Segment Start: Material provided

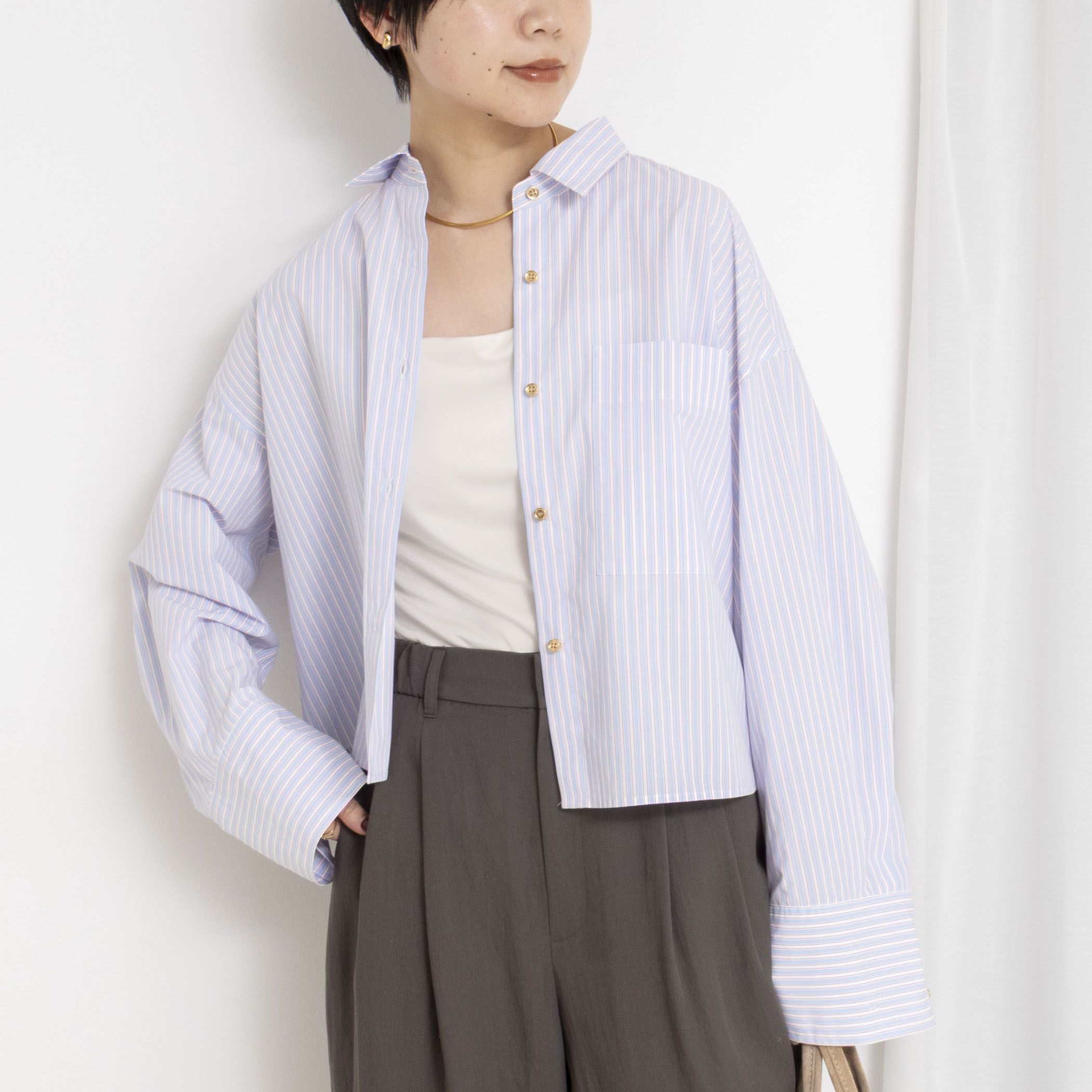 ◇26SS◇2nd NOLLEY'S◆Point・安定した人気を誇る『MY STANDARD ショートシャツ』を、'26SSもNEWデザインでアップデート・無地は'24SSより継続採用し、ご好評いただいているコットンポリエステルタイプライターを使用・洗濯後のシワに強く、シワの回復性にも優れた実用性の高さが魅力・ストライプもイージーケア加工を施したコットンポリエステル素材・いずれも程よいハリと発色の良さがあり、上品さと快適な着心地を両立・今季は、ショート丈とのバランスが新鮮な太めのストレートスリーブとゴールドボタンがデザインポイント・袖口は幅広カフスで、折り返すとシェルボタンに切り替わりさりげない表情変化を楽しめる一枚・左袖口には2nd Nolley'sのアイコン「2」の刺繍をプラス・シーズンレスで活躍●お取扱い上のご注意●末永くご愛用頂くために、アテンションタグを必ずご確認の上、着用又はお取り扱い下さい。気になる商品は、お気に入り登録がオススメです!クーポン情報、入荷情報が、通知されるようになります。※手洗い可※店頭及び屋外での撮影画像は、光の当たり具合で色味が違って見える場合があります。商品の色味は、スタジオ撮影の画像をご参照下さい。※商品画像に関しては出来る限り忠実に表示出来るよう努めておりますが、お客様がご利用のモニターの設定及び特性により、実際の商品と比較し色味に若干の誤差が生じる場合があります。※画像の商品はサンプルとなりますので実際の商品と仕様、加工、サイズが若干異なる場合がございます。
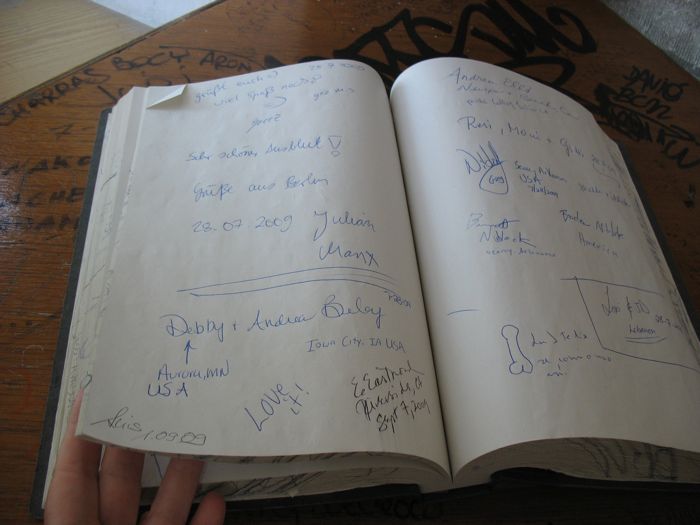 I signed the tethered-by-a-chain book on the way out, in the lower right corner of the verso (or left-facing) page. Notice the dog-eared corner on the upper right. I did that so I could show Dave when we came back. But when we returned later that week, the book had been replaced by a fresh clean copy.
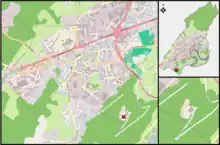 La batterie de mortiers de Planoise (parfois appelée également batterie centrale) est située au milieu du plateau que forme la place, à 480 mètres d'altitude[42]. Elle fut achevée en 1881, et elle est la seule batterie du genre car réalisée en fonction du mortier 200 mm de Bange MIe 1880 et MIe 1881[Note 8] ayant une portée maximale de 7 100 mètres, pouvant ainsi être fort utile même dans les angles morts formés par les méandres du Doubs[42]. Elle est composée d'une ligne paradossée[Note 9] de trois traverses-abris[Note 10] (chambre I, chambre II et chambre III) implantés parallèlement à une cinquantaine de mètres en avant de l'abri caverne de la carrière[42]. La chambre III est jouxtée par un local (chambre III bis) unique qui servait vraisemblablement au personnel, de dimension 4 × 3,5 mètres[42]. Les chambres II et III sont dissociées en trois parties cloisonnées percées de deux petites fenêtres[42], alors que la chambre I est quant à elle séparée en deux parties[42]. On note la présence d'un petit local au-delà du bras de la chambre I.

Segment End: Material provided

Work request: The required answer is an exact, picture-free copy of the lines from the opening of the listing above through the line with "I signed the".

Response to this task:
 ◇26SS◇2nd NOLLEY'S◆Point・安定した人気を誇る『MY STANDARD ショートシャツ』を、'26SSもNEWデザインでアップデート・無地は'24SSより継続採用し、ご好評いただいているコットンポリエステルタイプライターを使用・洗濯後のシワに強く、シワの回復性にも優れた実用性の高さが魅力・ストライプもイージーケア加工を施したコットンポリエステル素材・いずれも程よいハリと発色の良さがあり、上品さと快適な着心地を両立・今季は、ショート丈とのバランスが新鮮な太めのストレートスリーブとゴールドボタンがデザインポイント・袖口は幅広カフスで、折り返すとシェルボタンに切り替わりさりげない表情変化を楽しめる一枚・左袖口には2nd Nolley'sのアイコン「2」の刺繍をプラス・シーズンレスで活躍●お取扱い上のご注意●末永くご愛用頂くために、アテンションタグを必ずご確認の上、着用又はお取り扱い下さい。気になる商品は、お気に入り登録がオススメです!クーポン情報、入荷情報が、通知されるようになります。※手洗い可※店頭及び屋外での撮影画像は、光の当たり具合で色味が違って見える場合があります。商品の色味は、スタジオ撮影の画像をご参照下さい。※商品画像に関しては出来る限り忠実に表示出来るよう努めておりますが、お客様がご利用のモニターの設定及び特性により、実際の商品と比較し色味に若干の誤差が生じる場合があります。※画像の商品はサンプルとなりますので実際の商品と仕様、加工、サイズが若干異なる場合がございます。
 I signed the tethered-by-a-chain book on the way out, in the lower right corner of the verso (or left-facing) page. Notice the dog-eared corner on the upper right. I did that so I could show Dave when we came back. But when we returned later that week, the book had been replaced by a fresh clean copy.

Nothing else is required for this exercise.